Bernie is based on an article by the film’s co-writer Skip Hollandsworth which chronicles the 1996 murder. Jack Black dons a persona like a relic of the ’50s Bible Belt, so wholesome it would make John Denver look like a gang member. Bernie Tiede is a flamboyant, overtly amicable assistant funeral director who rolls into town singing along to religious folk music, and is quickly adored by the whole town. He is genuinely altruistic. The  focal point, or at least the intended one, is Bernie’s burgeoning but questionable relationship with a wealthy, unanimously detested town widow played by Shirley MacLaine (in one of her most despicable characters to date). If you’ve seen Guarding Tess, you’ll notice a similar dynamic between MacLaine and what becomes her repressed man-servant.

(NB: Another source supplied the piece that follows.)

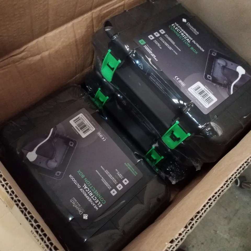 BOX CONTAINING 3 DESIRETECH WEATHERPROOF OUTDOOR CONNECTION BOXES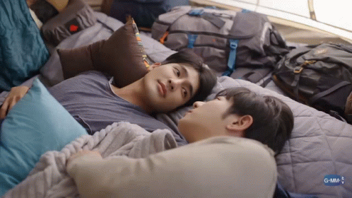 Earth Pirapat and Mix Sahaphap share a tender moment, lying together in a cozy tent.

In Bernie, the outcome goes in a completely different direction. 

Carthage, so we’re informed, is known as the ‘squirrel hunting capital of the world’. The film doesn’t get much more sinister than that, considering the subject matter. Linklater has made Crystal Light out of the dark comedy, and I have to admit it’s pretty refreshing. He puts a mild spin on events I imagine were considerably more disturbing  in real life and pays more attention to telling the story from its periphery, through the town folk, whose lexicon is riddled with acronyms like DLOL (dear little old ladies). Even if Linklater’s vision falls a little short on substance (at least for a feature-length film), Bernie is consistently amusing.